YOUR GOAL> Write out the entries below exactly, but only from the line containing "맞춤형 야외 등나무 테이블과" through the line containing "- قم بتسجيل", and without the pictures.

DATA PROVIDED>

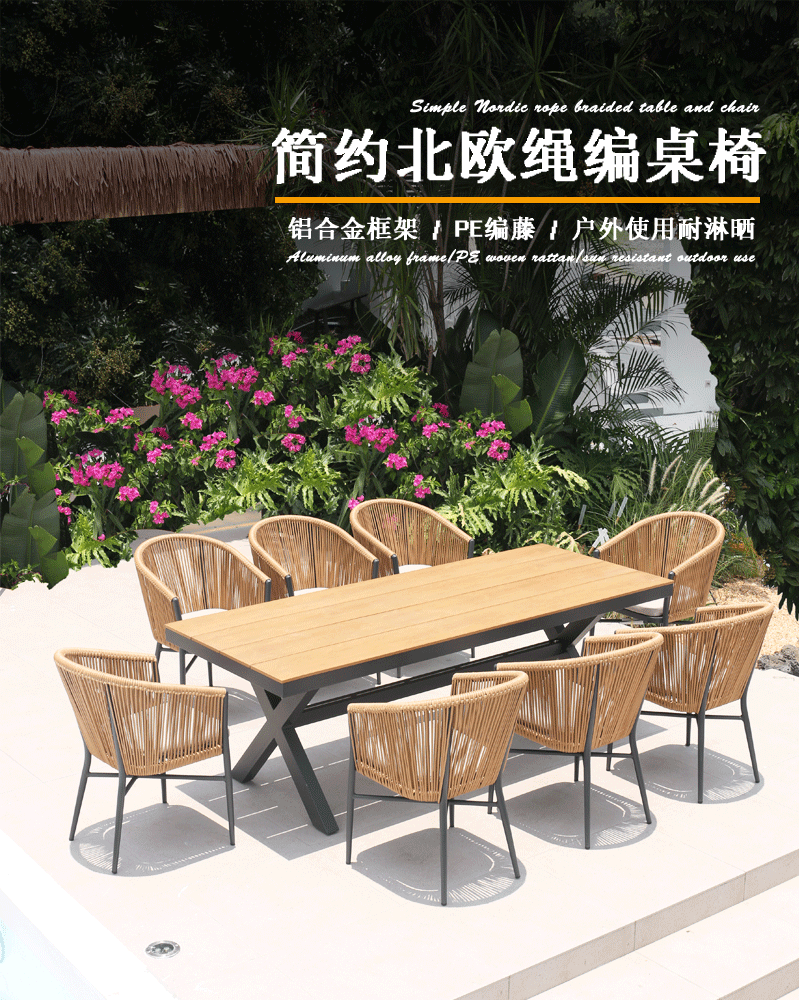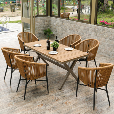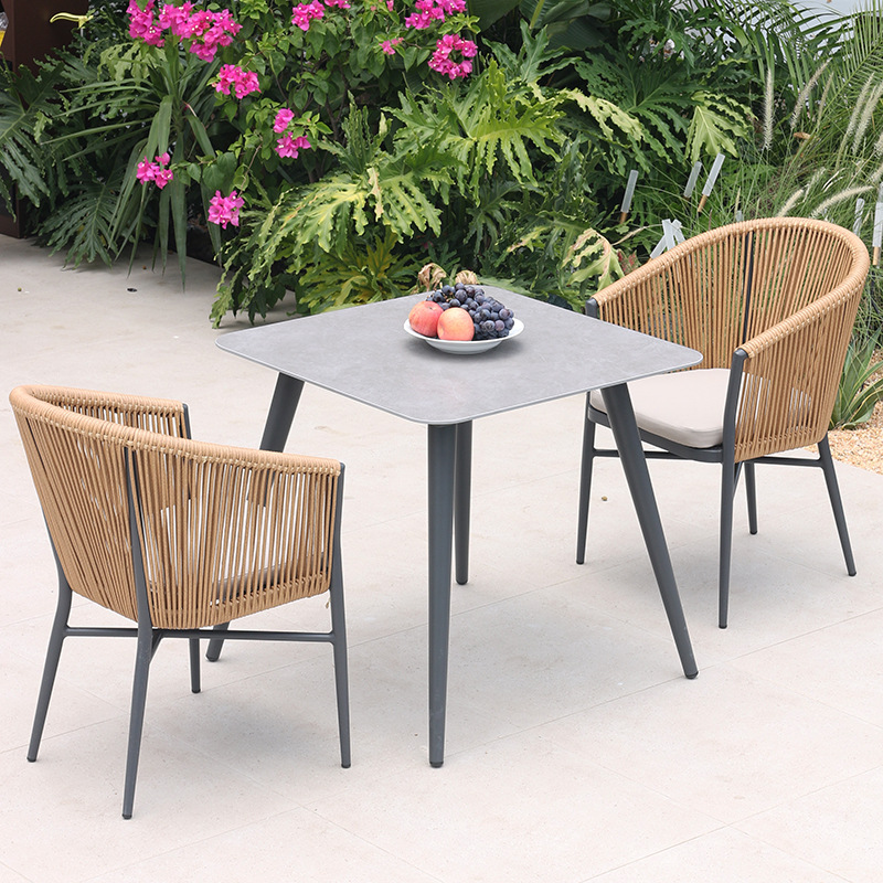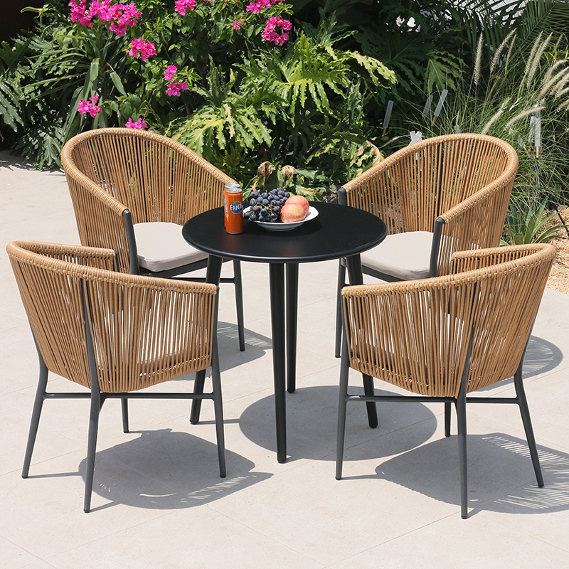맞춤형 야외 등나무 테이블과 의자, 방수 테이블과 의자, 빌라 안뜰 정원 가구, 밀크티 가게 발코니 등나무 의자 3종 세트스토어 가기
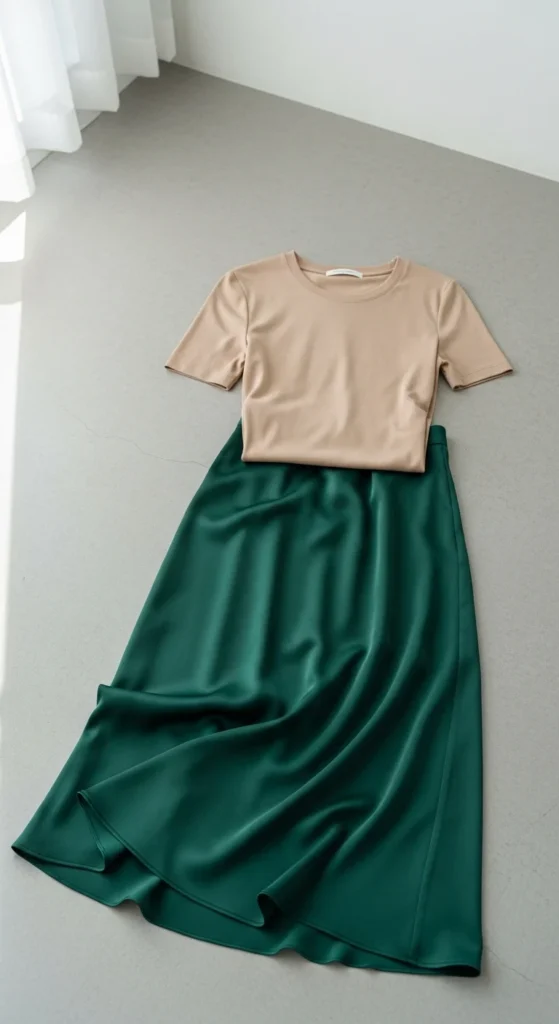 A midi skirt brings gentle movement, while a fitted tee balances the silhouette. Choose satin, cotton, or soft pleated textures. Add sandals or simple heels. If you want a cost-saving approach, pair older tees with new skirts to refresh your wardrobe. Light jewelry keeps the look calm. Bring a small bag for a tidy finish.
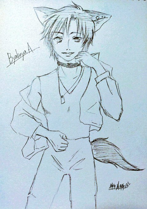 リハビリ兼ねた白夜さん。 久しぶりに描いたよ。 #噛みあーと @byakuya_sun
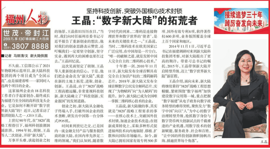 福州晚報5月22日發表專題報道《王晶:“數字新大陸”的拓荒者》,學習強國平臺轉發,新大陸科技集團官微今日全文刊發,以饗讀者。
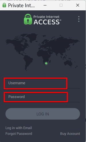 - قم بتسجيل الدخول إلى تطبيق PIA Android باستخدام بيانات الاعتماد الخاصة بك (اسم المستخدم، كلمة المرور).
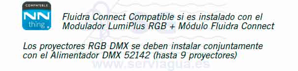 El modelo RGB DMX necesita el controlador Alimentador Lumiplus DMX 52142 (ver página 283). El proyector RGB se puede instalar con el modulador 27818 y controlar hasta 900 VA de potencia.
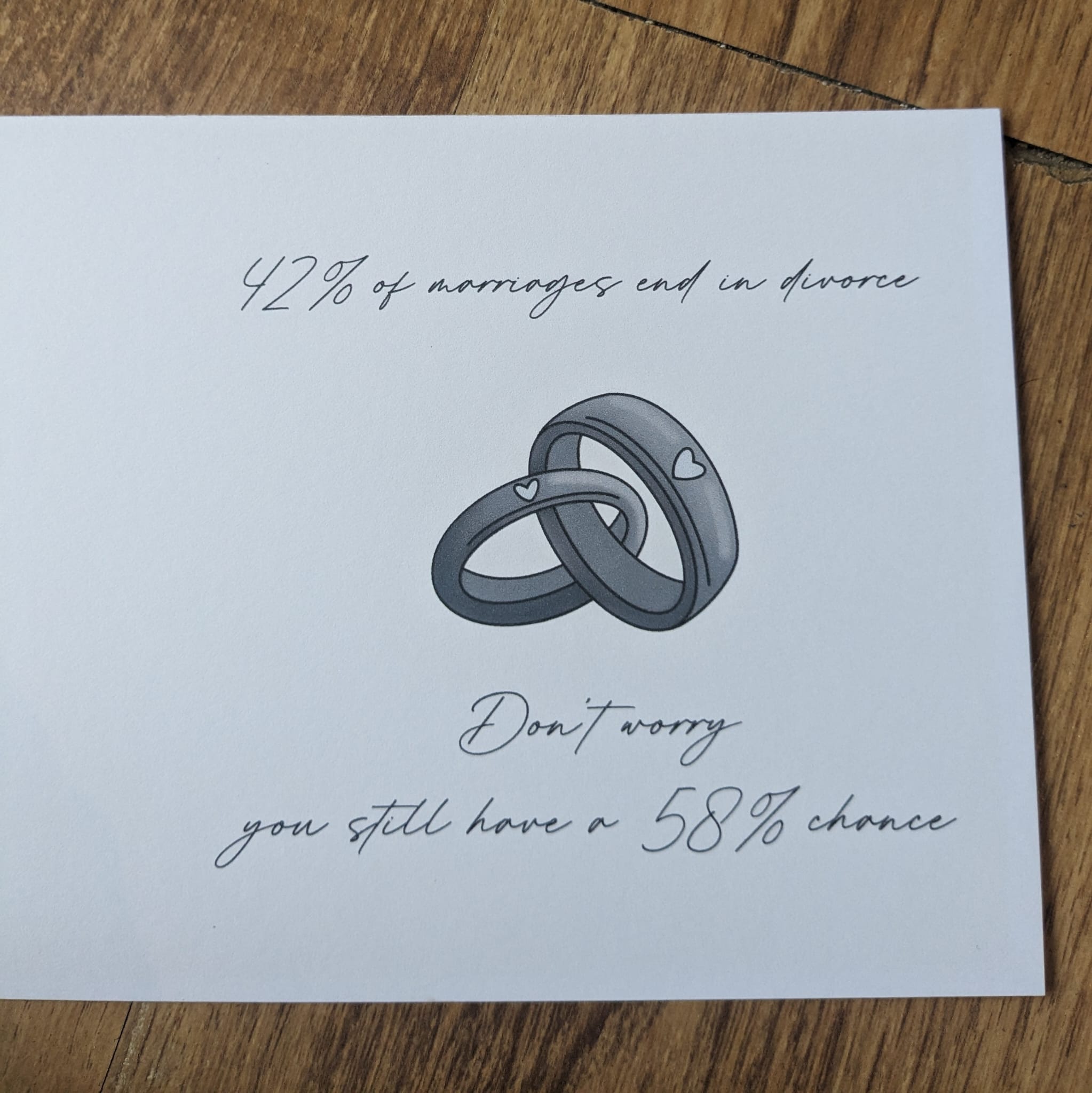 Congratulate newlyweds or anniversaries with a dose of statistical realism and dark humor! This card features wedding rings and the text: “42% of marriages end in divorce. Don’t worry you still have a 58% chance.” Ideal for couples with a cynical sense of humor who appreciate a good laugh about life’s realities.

* * *

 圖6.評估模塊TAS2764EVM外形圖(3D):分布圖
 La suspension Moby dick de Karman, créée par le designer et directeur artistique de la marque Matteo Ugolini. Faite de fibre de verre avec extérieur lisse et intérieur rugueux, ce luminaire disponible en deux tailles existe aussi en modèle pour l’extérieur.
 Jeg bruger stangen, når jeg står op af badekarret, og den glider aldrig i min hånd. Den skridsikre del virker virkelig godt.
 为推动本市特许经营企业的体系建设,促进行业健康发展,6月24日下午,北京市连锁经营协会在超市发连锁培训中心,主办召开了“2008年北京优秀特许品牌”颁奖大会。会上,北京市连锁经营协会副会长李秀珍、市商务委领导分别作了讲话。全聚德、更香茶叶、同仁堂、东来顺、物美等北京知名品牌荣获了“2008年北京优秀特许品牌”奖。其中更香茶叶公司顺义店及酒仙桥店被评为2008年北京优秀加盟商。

--

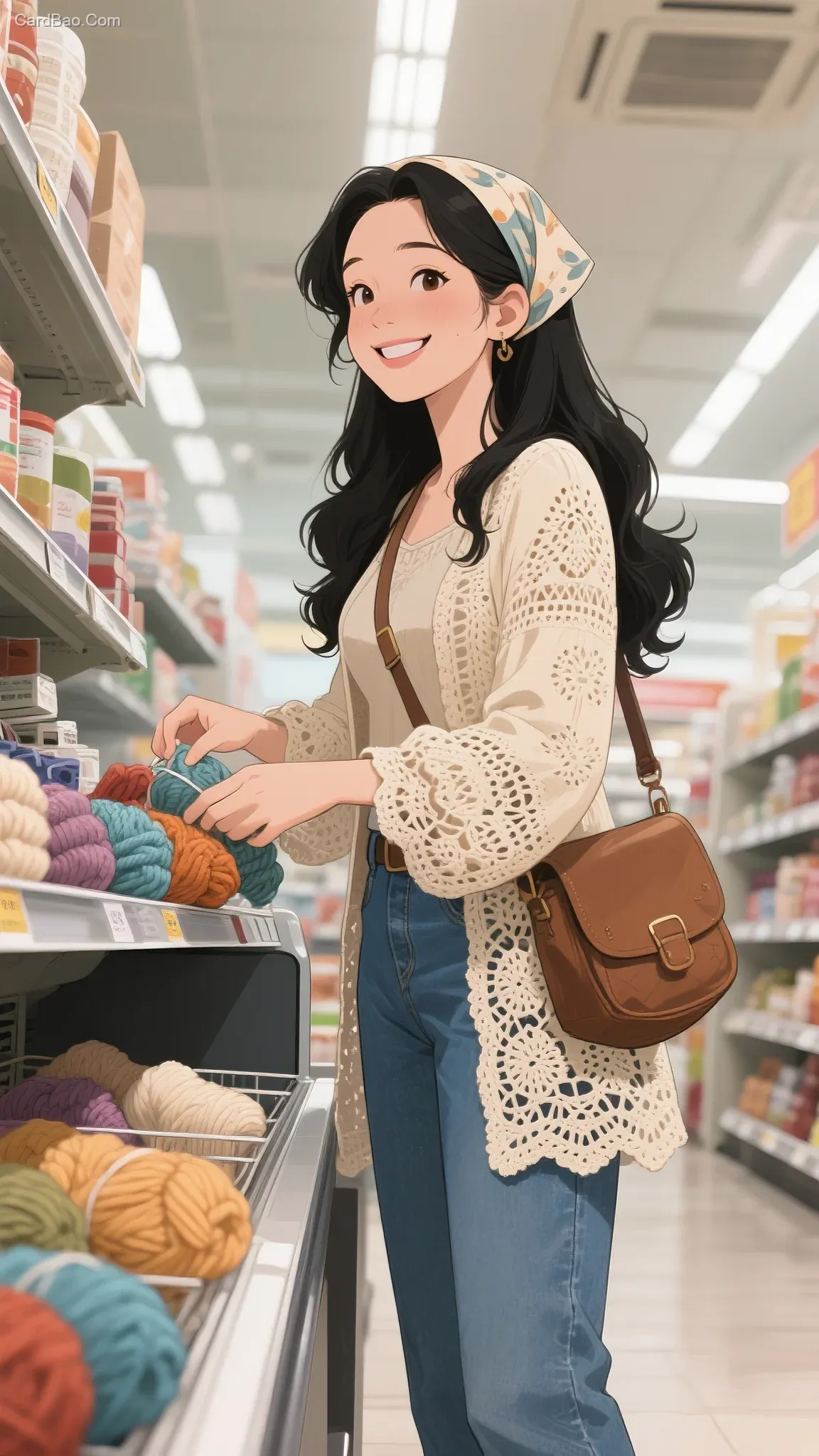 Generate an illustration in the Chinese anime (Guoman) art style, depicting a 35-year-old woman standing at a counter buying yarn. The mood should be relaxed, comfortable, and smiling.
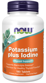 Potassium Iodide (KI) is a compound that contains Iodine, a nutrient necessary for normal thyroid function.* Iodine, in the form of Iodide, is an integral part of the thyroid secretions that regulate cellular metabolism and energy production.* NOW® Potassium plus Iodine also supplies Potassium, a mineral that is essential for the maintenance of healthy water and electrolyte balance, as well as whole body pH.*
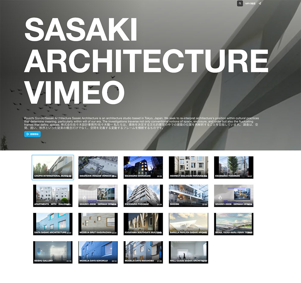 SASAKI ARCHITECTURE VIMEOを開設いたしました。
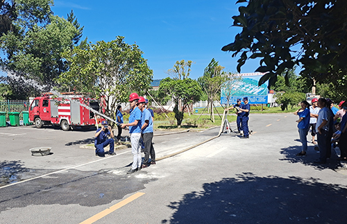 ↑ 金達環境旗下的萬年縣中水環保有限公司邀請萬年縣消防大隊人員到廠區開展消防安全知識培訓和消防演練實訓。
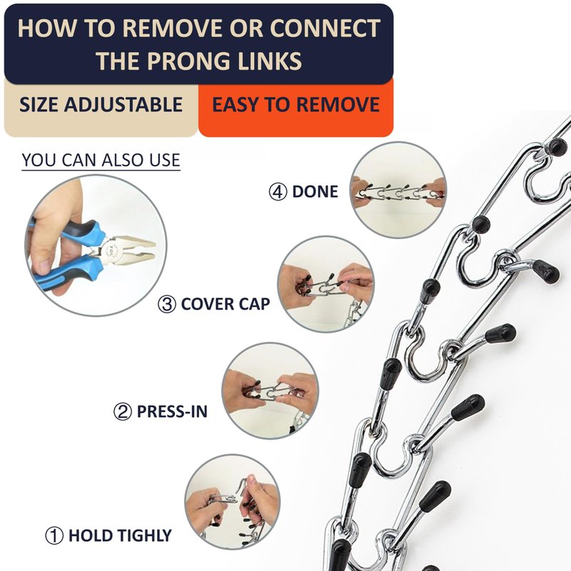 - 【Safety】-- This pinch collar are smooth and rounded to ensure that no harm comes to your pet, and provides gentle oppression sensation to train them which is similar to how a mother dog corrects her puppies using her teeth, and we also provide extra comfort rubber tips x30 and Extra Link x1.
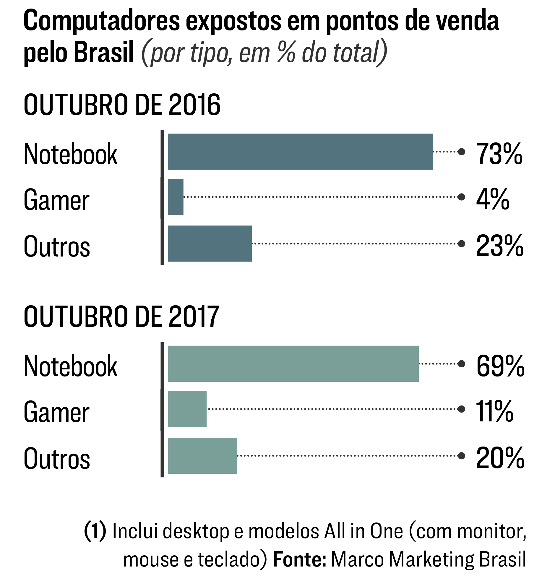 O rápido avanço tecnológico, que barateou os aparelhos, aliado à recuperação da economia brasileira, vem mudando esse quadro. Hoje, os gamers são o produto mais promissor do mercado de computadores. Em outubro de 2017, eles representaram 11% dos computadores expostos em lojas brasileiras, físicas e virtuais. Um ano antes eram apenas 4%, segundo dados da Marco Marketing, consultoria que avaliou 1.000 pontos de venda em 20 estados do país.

EXERCISE RESULT>
맞춤형 야외 등나무 테이블과 의자, 방수 테이블과 의자, 빌라 안뜰 정원 가구, 밀크티 가게 발코니 등나무 의자 3종 세트스토어 가기
 A midi skirt brings gentle movement, while a fitted tee balances the silhouette. Choose satin, cotton, or soft pleated textures. Add sandals or simple heels. If you want a cost-saving approach, pair older tees with new skirts to refresh your wardrobe. Light jewelry keeps the look calm. Bring a small bag for a tidy finish.
 リハビリ兼ねた白夜さん。 久しぶりに描いたよ。 #噛みあーと @byakuya_sun
 福州晚報5月22日發表專題報道《王晶:“數字新大陸”的拓荒者》,學習強國平臺轉發,新大陸科技集團官微今日全文刊發,以饗讀者。
 - قم بتسجيل الدخول إلى تطبيق PIA Android باستخدام بيانات الاعتماد الخاصة بك (اسم المستخدم، كلمة المرور).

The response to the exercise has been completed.